Fatalement, un tel carnage n’épargne pas les comédiens.Tous ou presque livrent des performances moisies jusqu’à l’os. Tara Reid, que la chirurgie esthétique à outrance a transformé en sosie avec une perruque des frangins Bogdanov, signe ici l’arrêt de mort d’une carrière déjà pas reluisante, tandis que Ian Ziering s’amuse dans un rôle qu’il prend visiblement très au sérieux. Vu ce qu’on lui a proposé depuis la fin de Bervely Hills 90210, difficile de lui en vouloir et tant mieux si cela lui permet de revenir sous le feu des projecteurs. David Hasselhoff, qui a depuis bien longtemps fait le choix de s’enfoncer dans les tréfonds de la nullité, est fidèle à ses dernières performances (publiques et privées) et tous les autres, comme Gary Busey, ne font qu’admettre à demi-mot, en jouant comme des manches, que oui, à l’heure actuelle, il n’y pas mieux à se mettre sous la dent.

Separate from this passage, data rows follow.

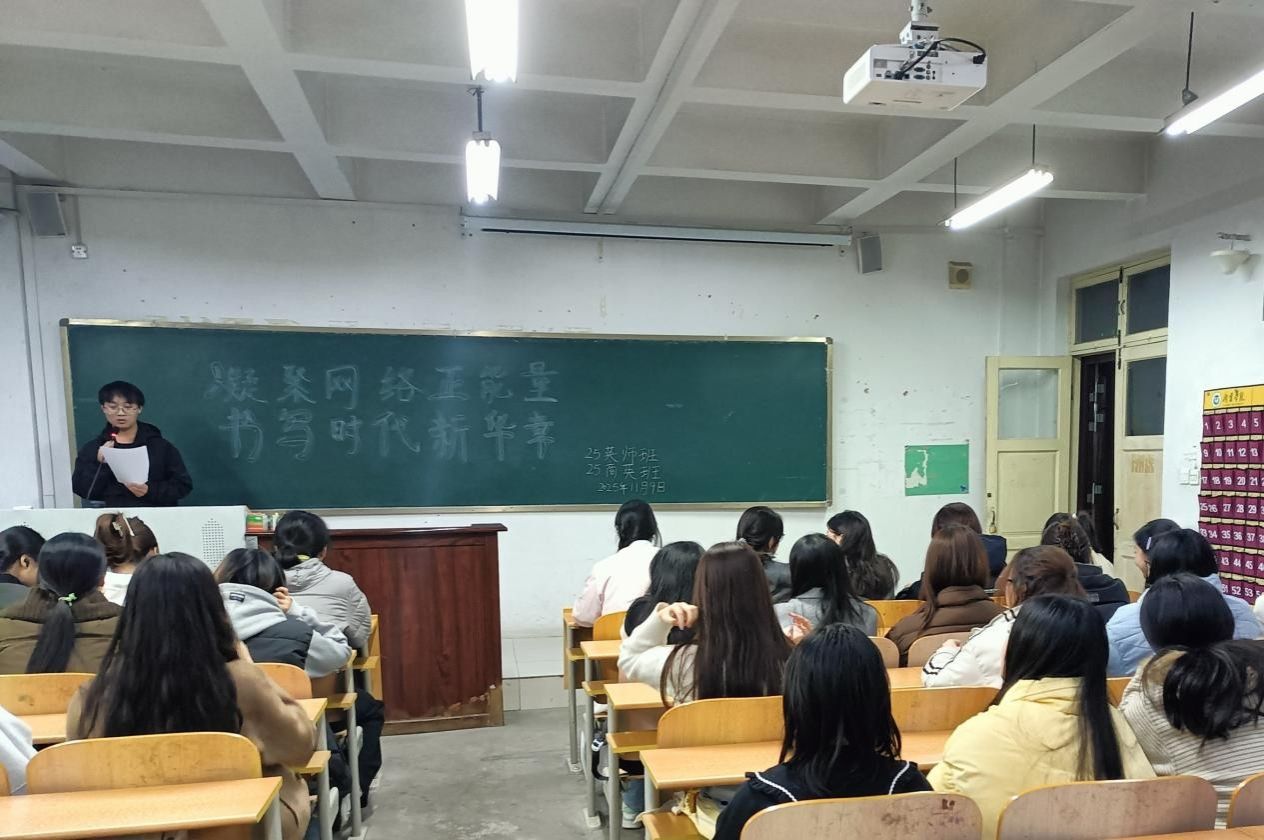 完美平台于11月9日组织开展了“凝聚网络正能量,书写时代新华章”的主题宣讲活动。活动以班级为单位,在3A211教室举行。
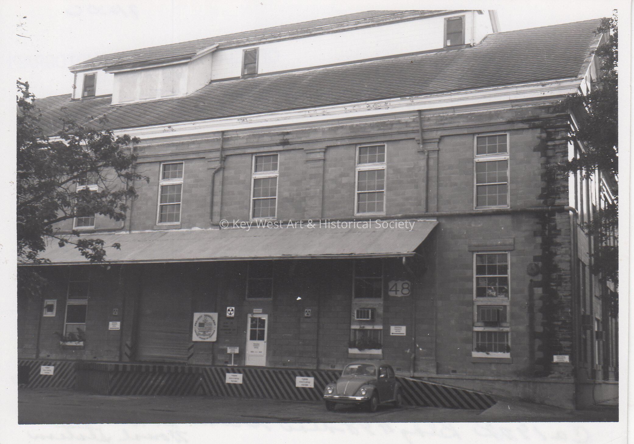 Black and white photograph of Building #48 (now Mel Fisher Museum) belonging to Naval Station Key West. The building was located near the Greene Street Entrance Gate.
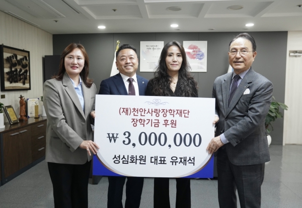 [세종타임즈] 천안사랑장학재단은 지난 2일 유재석 성심화원 대표가 지역우수 인재 육성 및 어려운 학생들을 위해 장학기금 300만원을 기부했다고 밝혔다.
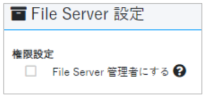※ (任意) ファイルサーバー管理者に設定する場合は、同タブの 「File Server 設定」で、「File Server 管理者にする」にチェックを入れます。
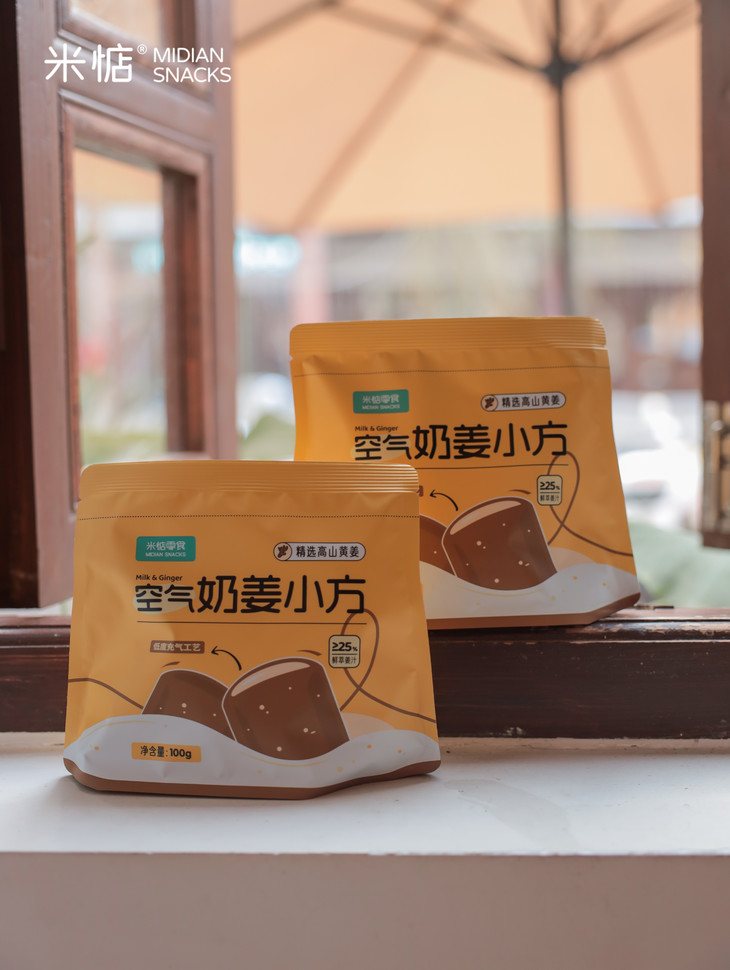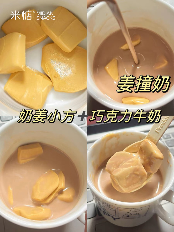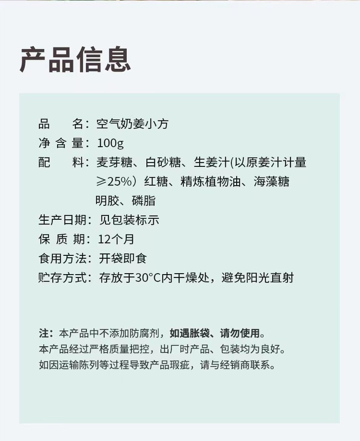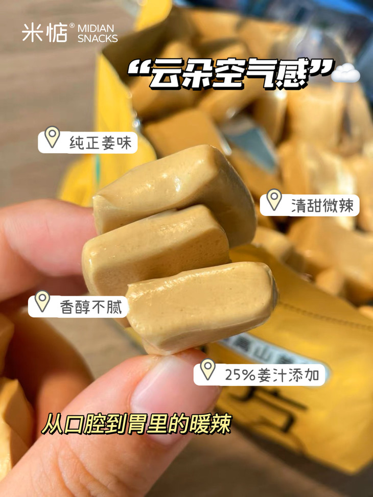 用成本较高的麦芽糖作为主原料搭配海藻糖 既能降低白糖的甜度也能让口感更佳健康丰富 这是拥有“云朵空气感”的小方糖🍬 添加≥25%的姜汁,入口有生姜的微辣 接着伴随着浓浓的奶味,好像在喝“姜撞奶”哇😋
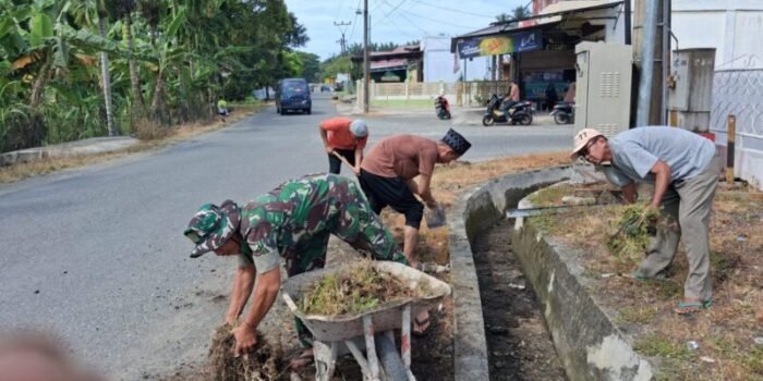 Nagan Raya – Bintara Pembina Desa ( Babinsa ) Posramil Kuala Pesisir Kodim 0116/Nara Serka Sunanto melaksanakan kegiatan Kerja Bhakti gotong-royong bersama warga di Desa Purwodadi Kecamatan Kuala Pesisir Kabupaten
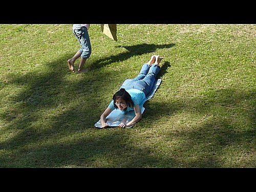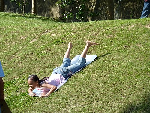 姑姑叫你趴著滑比較刺激,是頭上腳下的趴,你卻是頭下腳上,嚇了大家一跳!
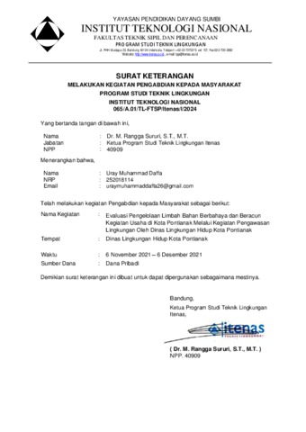 PUTRA, URAY MUHAMMAD DAFFA FIRDAUS MASAOKA LAPORAN PKM - EVALUASI PENGELOLAAN LIMBAH BAHAN BERBAHAYA DAN BERACUN KEGIATAN USAHA DI KOTA PONTIANAK MELALUI KEGIATAN PENGAWASAN LINGKUNGAN OLEH DINAS LINGKUNGAN HIDUP KOTA PONTIANAK. Project Report. Institut Teknologi Nasional, Bandung, Bandung.

C’est triste. Et ce ne sont pas les nombreuses guest stars qui peuvent y faire quoi que se soit. Ce joyeux petit monde lustre les cuivres du Titanic sans même se rendre compte que le bateau coule.
Le seul tour de force qu’accomplit Sharknado 4 est de ralentir le temps. Alors qu’il ne dure qu’1h25, il s’avère incroyablement barbant. Il répète tout ce qui a déjà été fait, ne fait preuve d’aucune audace, les costumes semblent avoir été confectionnés par un amateur de cosplay débutant âgé de 5 ans à peine, rien n’a de sens, la photographie est dégueulasse, etc… Les mots manquent pour qualifier ce quatrième volet.
Au début, Asylum produisait des navets pour un public restreint. Le succès des Sharknado a fait prendre conscience aux exécutifs de la boite qu’ils tenaient quelque chose et désormais, leur démarche a changé. Elle a perdu en innocence et gagné en cynisme putassier. Il y a toujours une part de hasard, d’imprévu, dans le fait de faire un film, de le louper et de voir ce dernier générer un véritable culte. On ne peut pas le faire exprès. En cela, le premier Sharknado est le meilleur du lot, vu qu’il n’est rien de plus qu’un petit délire bricolé par des artisans conscients de leurs limites. Le quatrième est tout le contraire. Il est le fruit d’une démarche pensée. La spontanéité s’est fait la malle. Une certaine innocence aussi. Le fond était atteint depuis longtemps. Ils avaient même bien creusé pour s’enfoncer un peu plus. Là, on bat des records.